A small boat is headed a harbor 32km directly northwest of its current position when its suddenly engulfed in heavy fog. The captain maintain a compass bearing of northwest and a speed of 10km/h relative to the water.The fog lift 3.o h later and the captain notes that he is now exactly 4.0km south of the harbor.
(a) what was the average velocity of the current during those 3.0h?
(b) In what direction should the boat have been heading to reach its destination along a straight course?
(c) what would its travel time have been if it had followed a straight course?
Sorry i've been trying to solve it but i won't figure it out..
There are a couple of ways to consider this, and I'm probably mixing them, so check my sanity as well as my thinking! I'm not at all sure I've got this right. And draw a small sketch of the points; it makes a whole lot more sense that way.
(a)
Consider the harbor as the origin.

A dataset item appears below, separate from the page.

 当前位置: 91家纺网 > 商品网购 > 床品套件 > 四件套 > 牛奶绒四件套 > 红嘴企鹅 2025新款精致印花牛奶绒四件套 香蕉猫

Then the boat starts at the point (16sqrt(2), -16sqrt(2)), 32km SE of it.
With no current, the boat would have been at the point (sqrt(2), sqrt(2)) after 3 hours (that's 2km SE of the harbor).
The boat actually ends up at the point (-4,0) after 3 hours.

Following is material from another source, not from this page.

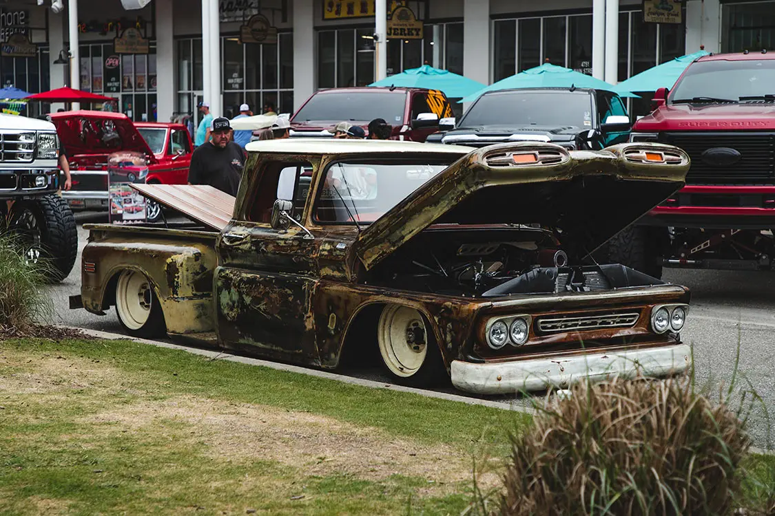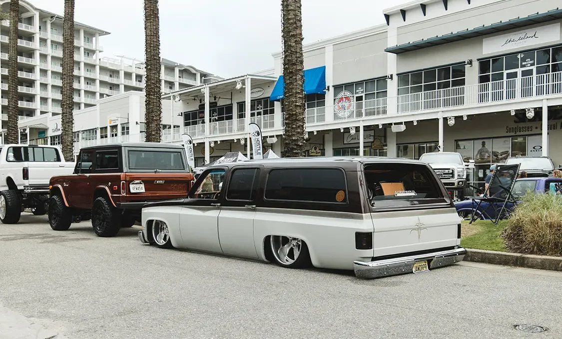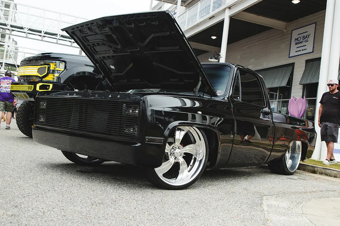 The Wharf at Orange Beach is just an awesome venue that has it all in one location. You can even stay on the grounds, which has restaurants, bars, and shopping for the family. Even though there is limited space, the show really does a great job at filtering show vehicles to ensure that there is plenty to look at all weekend. And the variety is top notch from both lifted and lowered custom truck enthusiasts.

Subtract the points to get the displacement due to current:
(-sqrt(2), -4+sqrt(2))
That's how far the current carried it offcourse in 3 hours.
Pythagoras will give you the distance; divide by 3 to get the km/h.
(b)
I suppose "a little northerly of where it was actually heading" won't do as an answer? :-) No harm in trying!
OK. The boat needs to subtract the vector of the current to compensate, so it should have been heading:
(-sqrt(10) -sqrt(2)/3, sqrt(10)+(4-sqrt(2))/3)
which I approximate as
(-3.633, 4.024)
to make 10kph relative to the harbor.
(I should be writing this in vector notation, but that's even more awkward to do in ASCII)
The boat can't do that, since it's more than 10kph, but the direction is right. So what's that angle? Consider an RAT with those sides as the adjacent and opposite. The sin of the angle with the x-axis is 4.024 / 5.421, so the angle is about 47.9degrees - that is, 2.9 degrees north of NW.
Aaach. In (a) I meant
"The boat actually ends up at the point (0,-4) after 3 hours. "
Sorry for the confusion.
No problem! Let's break down each part of the problem to find the answers.
(a) To determine the average velocity of the current, we need to consider the displacement of the boat relative to the earth's surface. The boat maintained a compass bearing of northwest, which means it was moving in the northwest direction regardless of the current.
During the 3 hours of heavy fog, the boat traveled a distance of 10 km/h * 3 h = 30 km relative to the water. However, when the fog lifted, the captain observed that the boat was 4.0 km south of the harbor.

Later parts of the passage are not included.